Aus den Erfahrungen mit den Streiks im Jahr 2003 haben viele gelernt, dass sie Kämpfe nur dann gewinnen können, wenn die Basis über die Ziele und Methoden des Kampfes entscheiden kann. Gewerkschaftsdemokratie ist der Schlüssel zu einem kämpferischen ÖGB und zur Revolutionierung der Gewerkschaftsbewegung.

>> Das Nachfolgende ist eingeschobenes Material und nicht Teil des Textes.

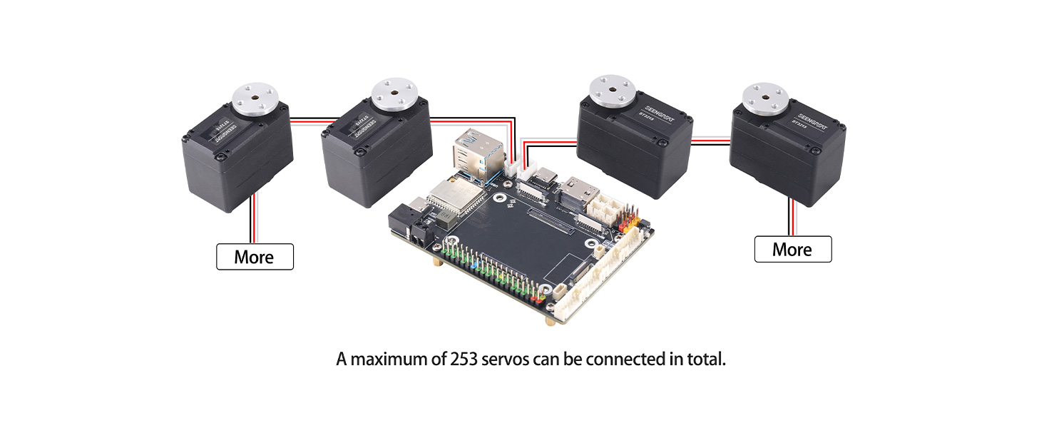 - Onboard two Serial bus servo control connectors, capable of controlling up to 253 bus servos and obtaining servo feedback.
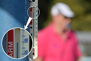 Ezt a kánikulát csak vízparton lehet kibírni - mondták sokan a szentesi strandon. Igaz a hétvégén rendezik meg a Diapolo Kupát is a Dr. Rébeli-Szabó József Városi Uszodában, de e mellett is van bőven vízfelület a felfrissülésre. A fenti kép 18.00 órakor készült a 33-as medence mellett található hőmérőnél.
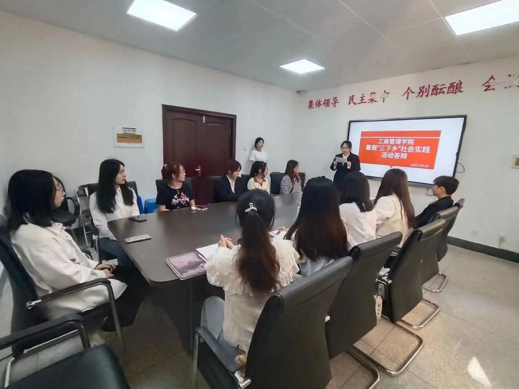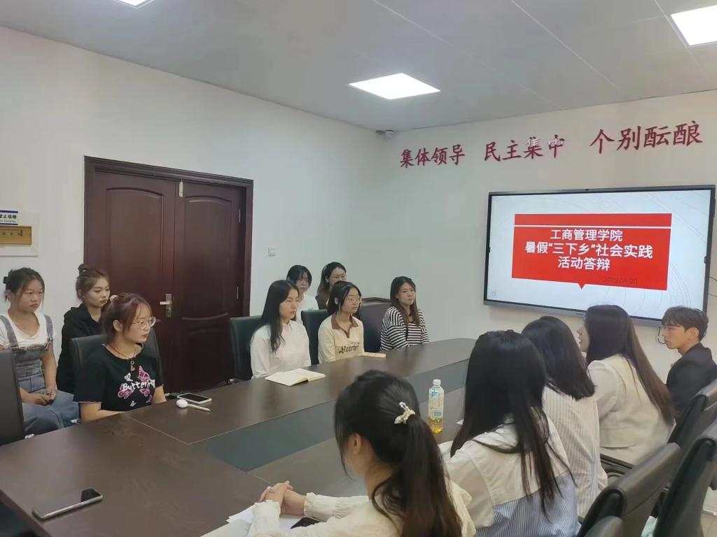 为深入贯彻党的思想,培养学生吃苦耐劳精神,检验同学们暑期实践成果。工商管理学院于9月20日在管理学院楼B407举行召开了“三下乡”社会实践答辩会。团委副书记刘宁,社团管理中心负责人蒋鑫,学生代表李本旭、姜苏展、张斓曦参会,同时也担任本次答辩会评委。会议由郝诗语主持。
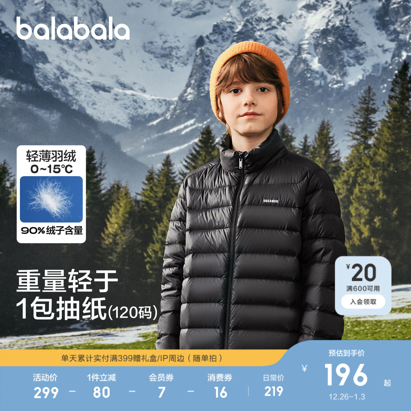巴拉巴拉儿童轻薄羽绒服男女童冬装内胆三防保暖外套舒适户外上衣
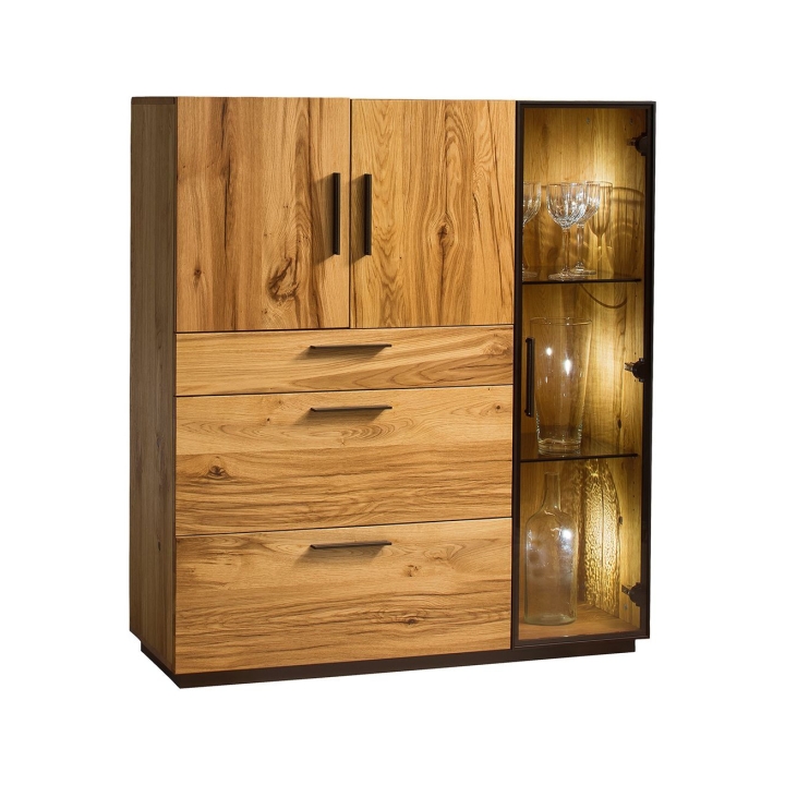 Moreno IV chest of drawers is a stylish piece of furniture made of veneer with elements of solid wood in the colour of Natural Oak finished with tasteful brown frames and handles. The furniture in a warm oak colour is perfect for both traditional interiors and those in which we want to maintain timeless class , as well as modern ones. It is a great piece of furniture for storing home textiles and tableware in the dining room. The transparent glass shelves of the Moreno chest of drawers will allow you to display family keepsakes, photographs or other trinkets. They are equipped with hinges and slides with a self-closing mechanism. Moreno chest of drawers is an ideal piece of furniture for both the living room and dining room thanks to the number of shelves that can accommodate a large amount of things. LED lighting adds to the charm.

Die wichtigste Kritik eines langjährigen Betriebsrates auf einer anderen Regionalkonferenz in Wien galt diesbezüglich der Abschaffung der Betriebsgruppen bzw. Mitgliedergruppen bei der GPA: "Dies war der größte Fehler von allen und der Beginn vom Ende".

Einen positiven Ansatz zur Schaffung einer neuen Gewerkschaftskultur leistet die vom "Funke" initiierte Kampagne "Wir sind ÖGB". Wir rufen alle LeserInnen auf, diese zu unterstützen und in ihr aktiv zu werden!